SUPPLIED ENTRIES Block Start
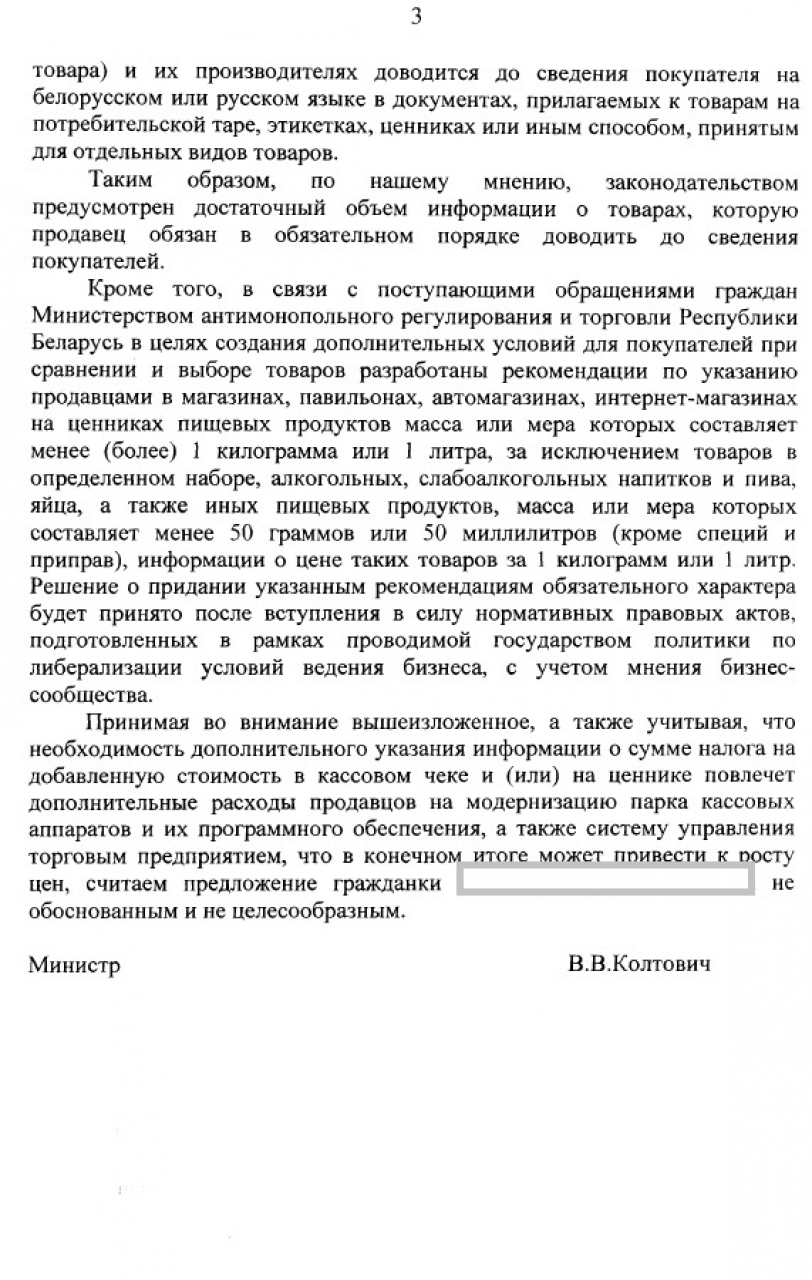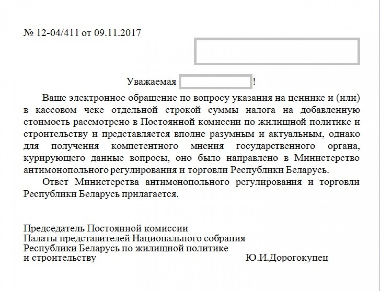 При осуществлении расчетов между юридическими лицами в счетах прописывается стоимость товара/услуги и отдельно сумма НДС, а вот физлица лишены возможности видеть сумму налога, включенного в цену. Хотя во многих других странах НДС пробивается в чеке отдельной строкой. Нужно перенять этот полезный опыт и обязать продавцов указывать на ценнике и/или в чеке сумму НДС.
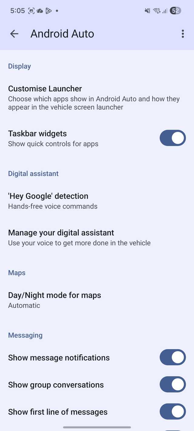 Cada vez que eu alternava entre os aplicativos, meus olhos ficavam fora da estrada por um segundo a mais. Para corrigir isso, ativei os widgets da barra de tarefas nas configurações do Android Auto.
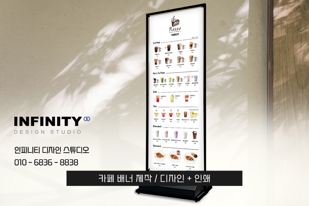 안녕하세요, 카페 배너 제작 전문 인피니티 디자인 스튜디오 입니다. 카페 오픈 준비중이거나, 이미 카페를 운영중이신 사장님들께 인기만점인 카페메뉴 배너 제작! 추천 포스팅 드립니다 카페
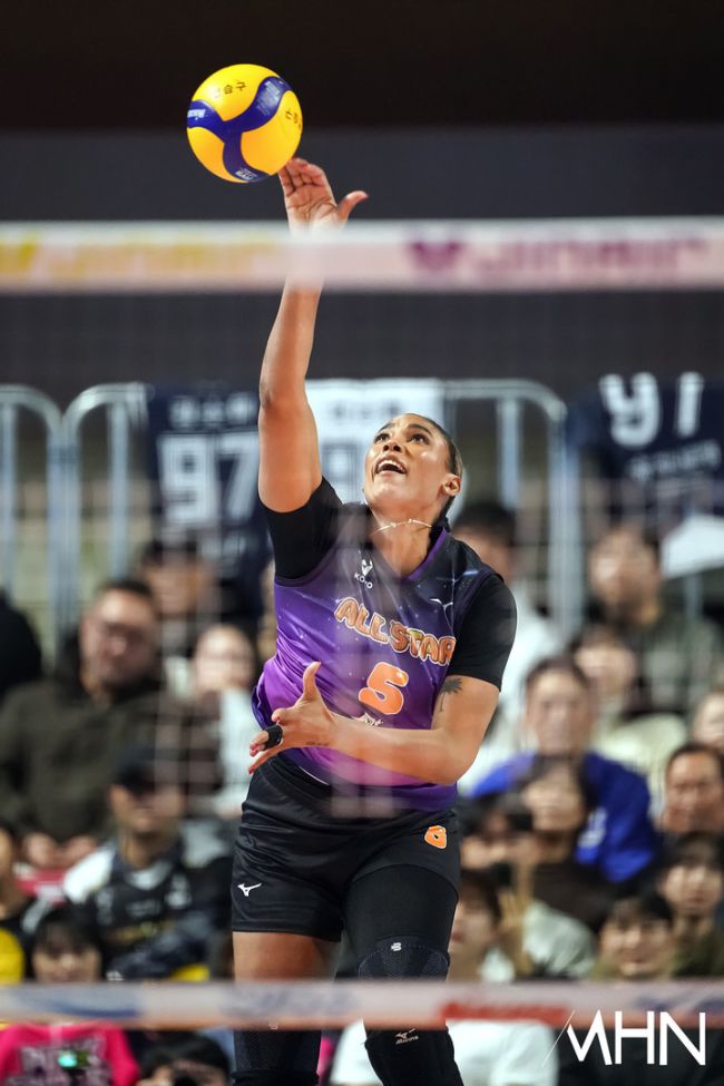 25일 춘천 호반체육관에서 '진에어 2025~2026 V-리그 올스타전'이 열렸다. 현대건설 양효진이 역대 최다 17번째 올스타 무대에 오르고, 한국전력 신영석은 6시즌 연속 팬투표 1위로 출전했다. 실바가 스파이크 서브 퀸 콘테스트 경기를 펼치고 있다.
SUPPLIED ENTRIES Block End
SUPPLIED ENTRIES Block Start
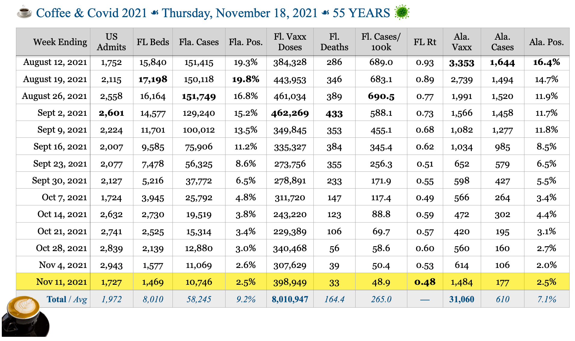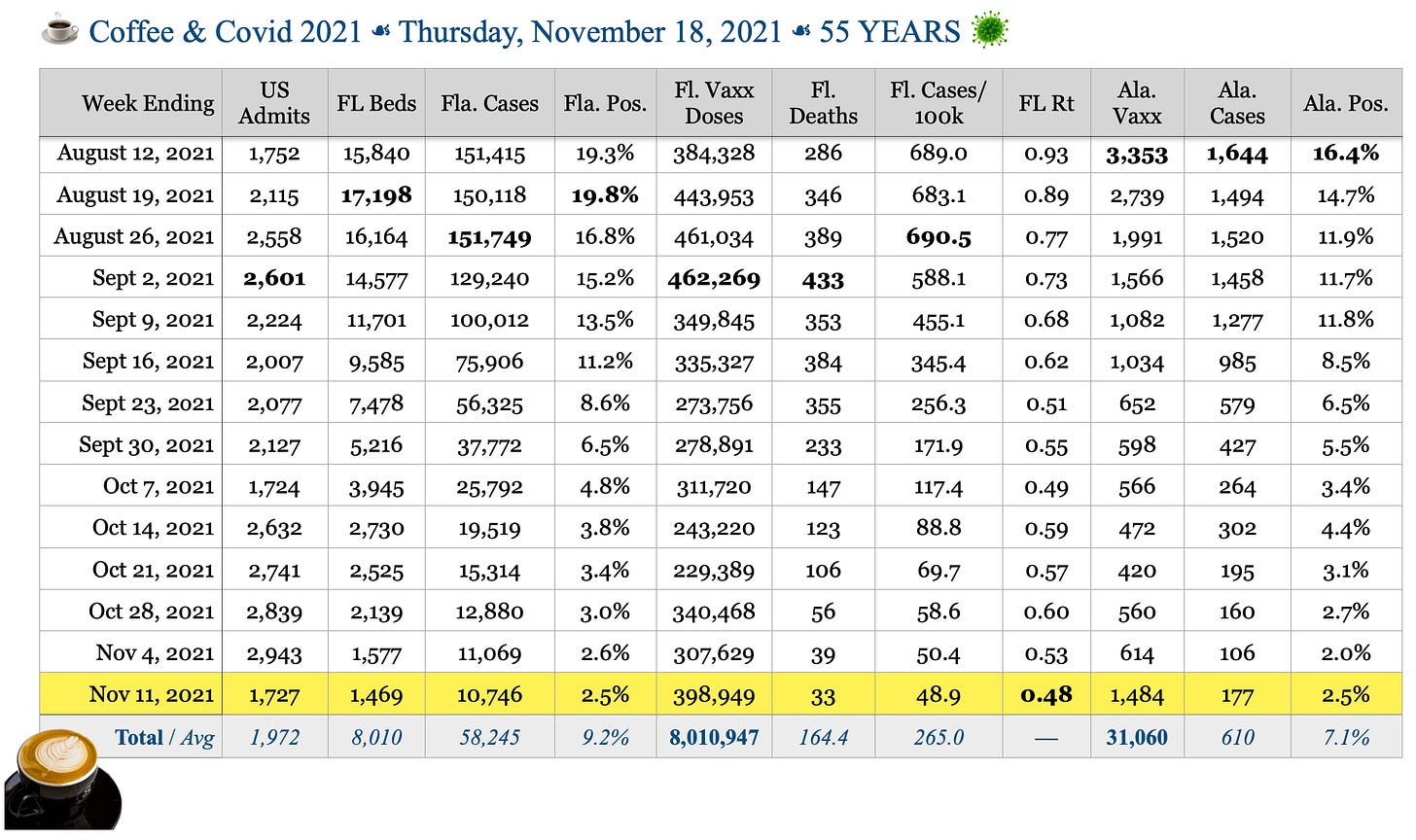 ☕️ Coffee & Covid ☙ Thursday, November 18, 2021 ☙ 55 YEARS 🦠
SUPPLIED ENTRIES Block End
THE TASK:
Restate word for word every line from the one with "Cada vez que" up to and including the one with "25일 춘천 호반체육관에서" in the records above, minus the pictures.

YOUR SOLUTION:
 Cada vez que eu alternava entre os aplicativos, meus olhos ficavam fora da estrada por um segundo a mais. Para corrigir isso, ativei os widgets da barra de tarefas nas configurações do Android Auto.
 안녕하세요, 카페 배너 제작 전문 인피니티 디자인 스튜디오 입니다. 카페 오픈 준비중이거나, 이미 카페를 운영중이신 사장님들께 인기만점인 카페메뉴 배너 제작! 추천 포스팅 드립니다 카페
 25일 춘천 호반체육관에서 '진에어 2025~2026 V-리그 올스타전'이 열렸다. 현대건설 양효진이 역대 최다 17번째 올스타 무대에 오르고, 한국전력 신영석은 6시즌 연속 팬투표 1위로 출전했다. 실바가 스파이크 서브 퀸 콘테스트 경기를 펼치고 있다.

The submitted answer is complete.